▶ **Goal of the exercise**: The material below holds a span beginning at the line with "Zastavaná plocha skladu" and ending at the line with "Full Sleeve Jacket". Quote that span exactly, both ends included, and only that span.

▶ **Data for the task**:
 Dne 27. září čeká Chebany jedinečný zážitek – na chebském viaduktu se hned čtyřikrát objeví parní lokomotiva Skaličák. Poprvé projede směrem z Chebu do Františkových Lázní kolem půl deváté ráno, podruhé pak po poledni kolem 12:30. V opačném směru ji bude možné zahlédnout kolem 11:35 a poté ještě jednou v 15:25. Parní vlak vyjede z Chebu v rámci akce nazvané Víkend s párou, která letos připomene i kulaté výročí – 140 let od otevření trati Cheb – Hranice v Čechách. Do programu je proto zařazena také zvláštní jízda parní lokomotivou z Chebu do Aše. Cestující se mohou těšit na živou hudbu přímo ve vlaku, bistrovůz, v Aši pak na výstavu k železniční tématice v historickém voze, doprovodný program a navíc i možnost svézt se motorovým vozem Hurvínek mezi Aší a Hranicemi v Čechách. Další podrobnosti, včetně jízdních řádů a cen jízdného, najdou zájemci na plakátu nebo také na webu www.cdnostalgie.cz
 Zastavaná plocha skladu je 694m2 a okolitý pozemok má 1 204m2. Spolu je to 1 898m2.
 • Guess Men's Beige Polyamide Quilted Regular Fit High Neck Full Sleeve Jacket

...

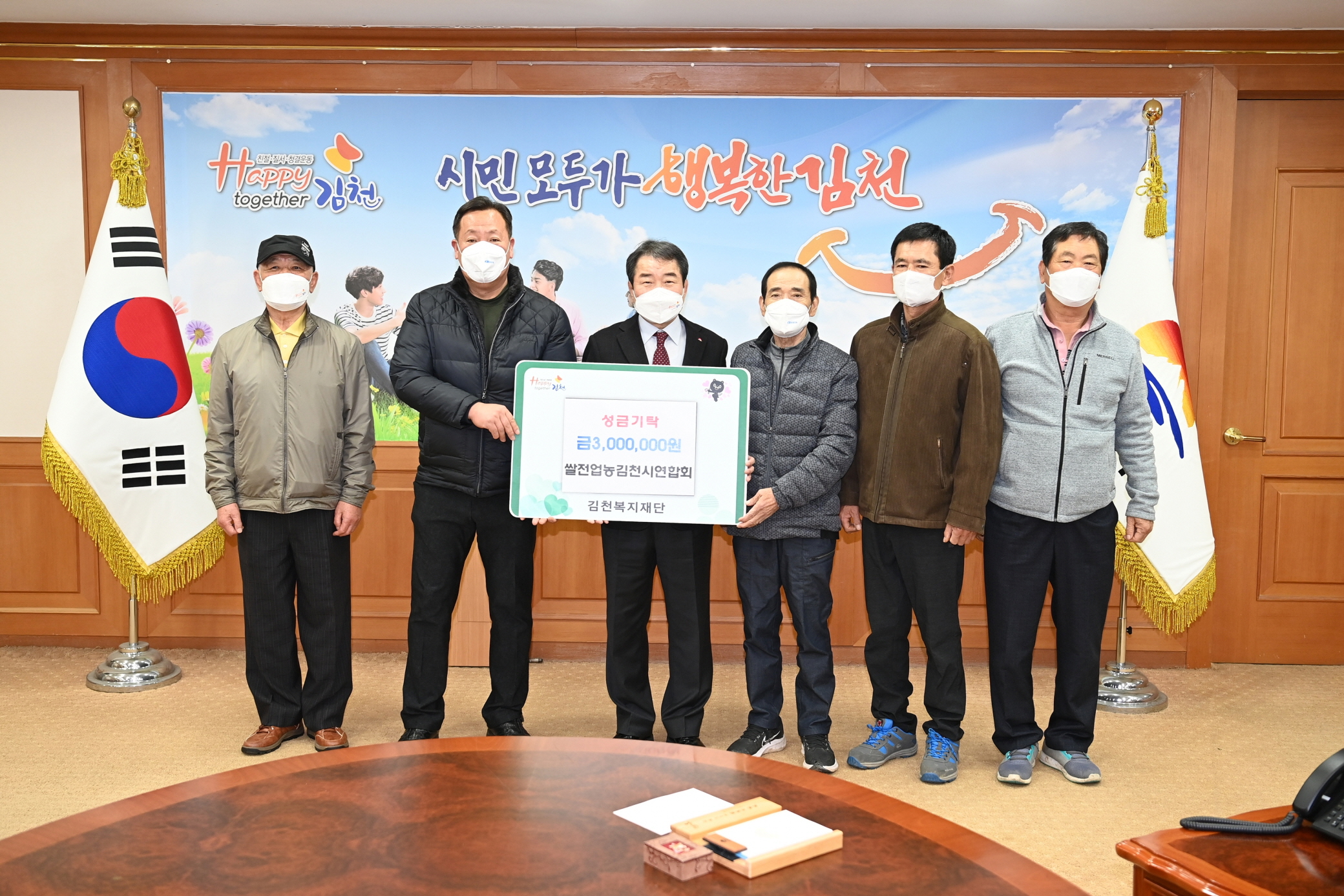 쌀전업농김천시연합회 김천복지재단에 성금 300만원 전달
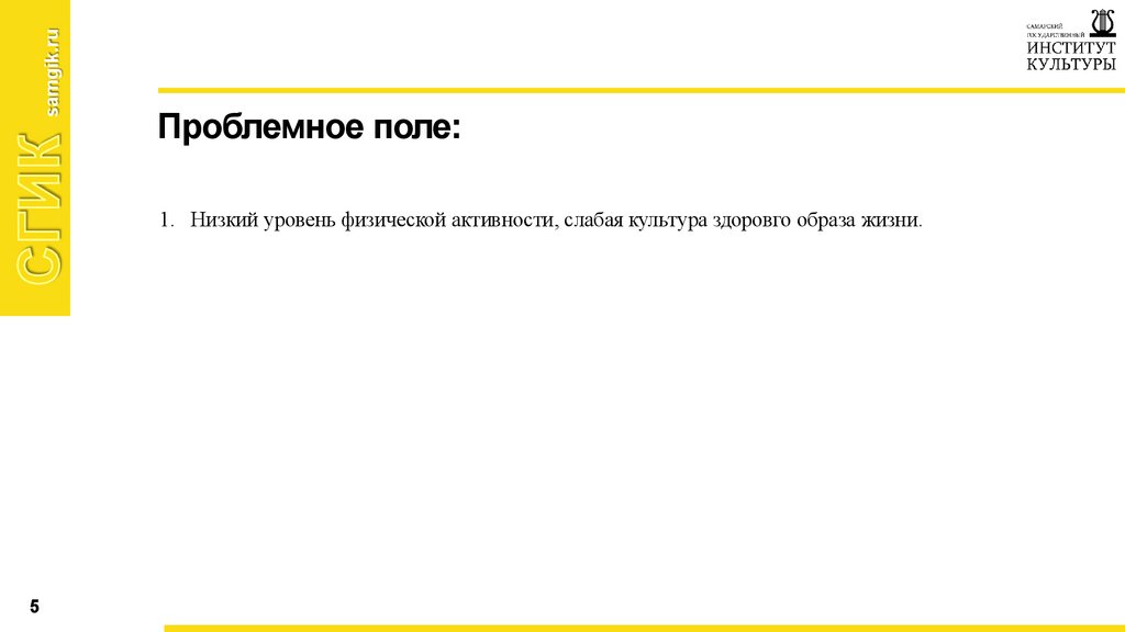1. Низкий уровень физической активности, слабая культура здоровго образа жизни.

▶ **Reply to the exercise**:
 Zastavaná plocha skladu je 694m2 a okolitý pozemok má 1 204m2. Spolu je to 1 898m2.
 • Guess Men's Beige Polyamide Quilted Regular Fit High Neck Full Sleeve Jacket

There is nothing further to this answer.